Avec son travail d’urgentologue, le Dr Alexandre Place ne prétend pas détenir les solutions pour régler tout ce qui cloche au Centre intégré de santé et de services sociaux de l’Outaouais (CISSSO). Il est néanmoins convaincu que les revendications de la population doivent être entendues «à un niveau supérieur», là où se prennent les véritables décisions.

Au cours de sa formation en médecine, le Dr Place a pu voir de l’intérieur comment fonctionne le réseau de la santé dans d’autres régions de la province. La différence est-elle flagrante avec l’Outaouais ? «J’aurais tendance à dire que oui, dit-il. C’est certain qu’on ne fonctionne pas comme un gros centre de Montréal, [mais] j’ai vu des centres périphériques où il y a beaucoup de choses qui marchaient mieux.»
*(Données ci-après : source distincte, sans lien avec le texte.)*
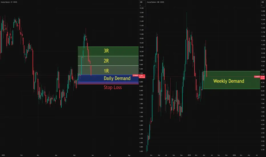 Kakao befindet sich aktuell in einer starken Demand-Zone, sichtbar sowohl im Weekly- als auch im Daily-Chart.
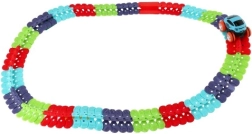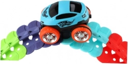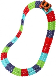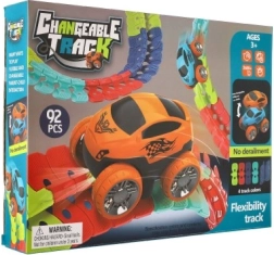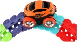 Circuit de course pour enfants avec des pièces flexibles qui permettent de créer sa propre combinaison de couleurs. Comprend une voiture lumineuse pour un plaisir créatif.
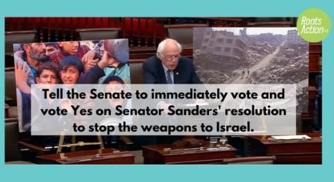 1. Tell the Senate to immediately vote and vote Yes on Senator Sanders' resolution to stop the weapons to Israel.
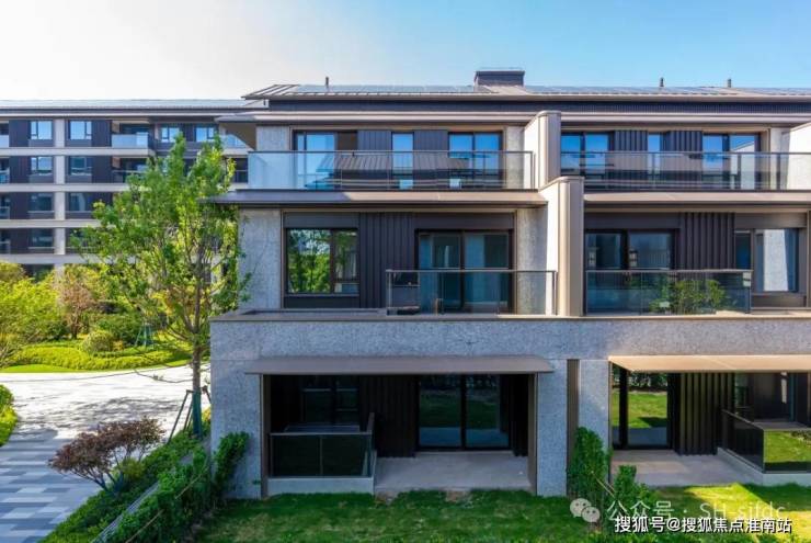 联排建筑立面上进口金钻麻石-全石材铺装搭配咖色的铝板装饰线条,不同凡响的精奢感和厚重的质感,卓尔不群,放眼整个松江,难觅雷同。
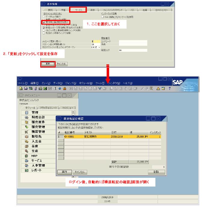 (3) ログイン時に本日実行する必要のある繰返転記を表示-設定-
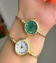 - ساعت مچی زنانه صفحه نمایش سبز بند طلایی طرح دستبندی النگویی بنگل+باطری اضافی کد2950
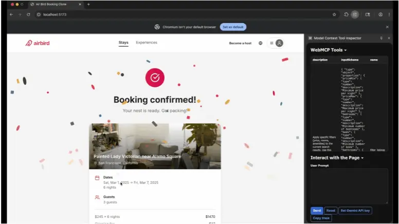 在Magic Patterns的帮助下,我创建了一个名为"AirBird"的预订市场,这是一个基于React的Web应用,并集成了WebMCP命令式API。与声明式API(使用HTML属性处理简单表单)不同,命令式API允许与应用程序状态进行深度集成——更多关于交互类型的信息在这里。
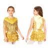 Complete 70s Disco Costume Set for Kids Girls: Shiny Metallic Top with Chest Tassels & Tiered Ruffle Shorts, 2-Piece Outfit
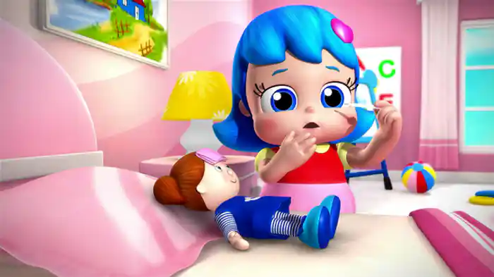 人形で遊んでいるキーとイーの友達は、人形に青い服を着せてあげる。
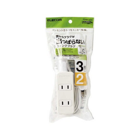 エレコム ELECOM スイングプラグタップ 3個口 2m ホワイト [TS02N2320WH] T-S02N-2320WH
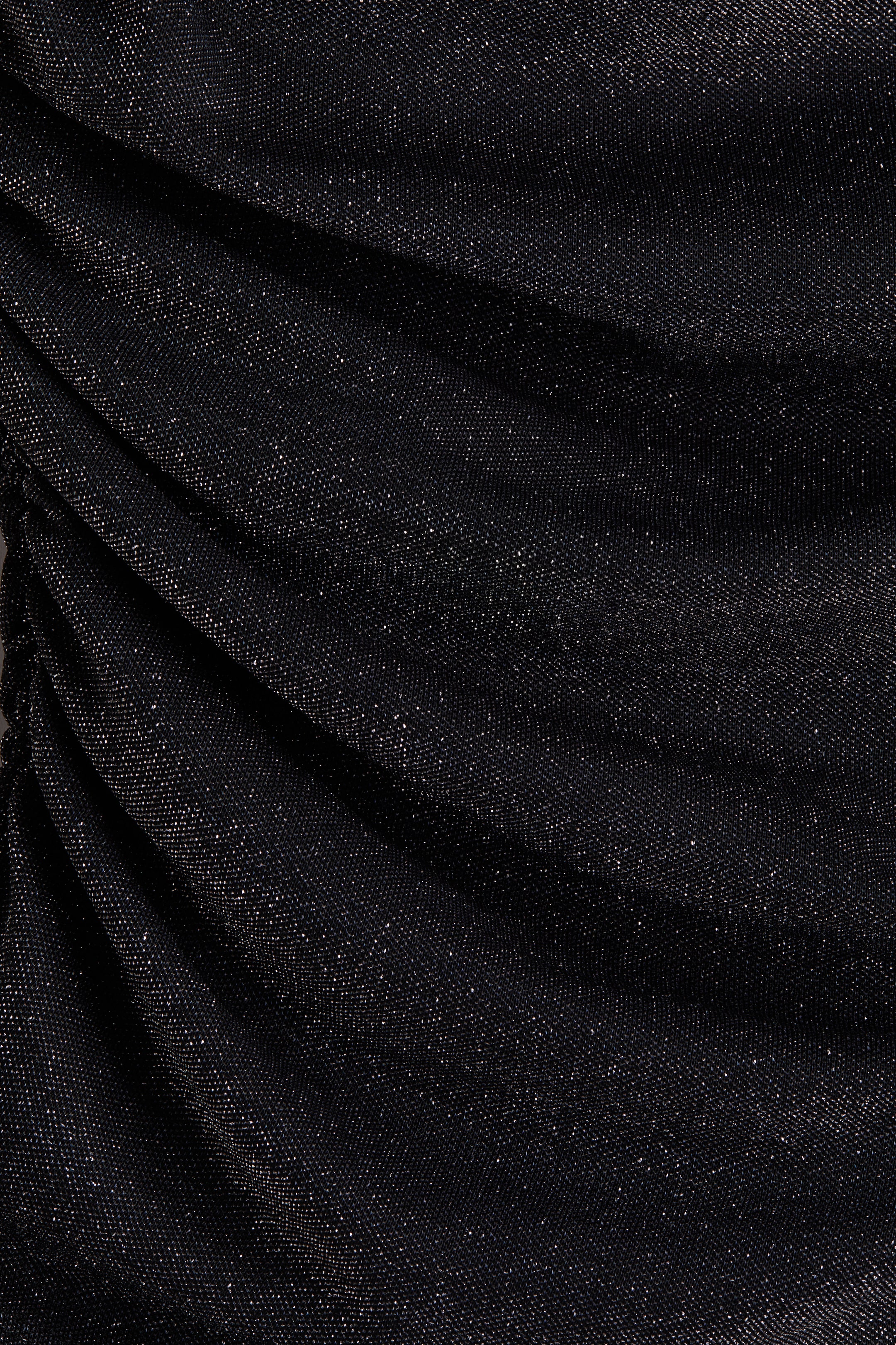 Podkreślający figurę krótki top z błyszczącego dżerseju. Marszczone szwy boczne tworzą efekt drapowania. Dekolt karo, bardzo wąskie elastyczne ramiączka. Z podszewką.

Tout en soulignant qu’il y a tout de même certains éléments qui fonctionnent mieux en Outaouais qu’ailleurs, l’urgentologue note que «les statistiques ne mentent pas par rapport au temps d’attente, au temps pour être admis et pour les gens qui passent du temps sur des civières à l’urgence».

«Pour les [séjours de] 24 ou 48 heures, on est pas mal les champions de façon constante, expose-t-il. C’est un reflet d’un dysfonctionnement plus généralisé.»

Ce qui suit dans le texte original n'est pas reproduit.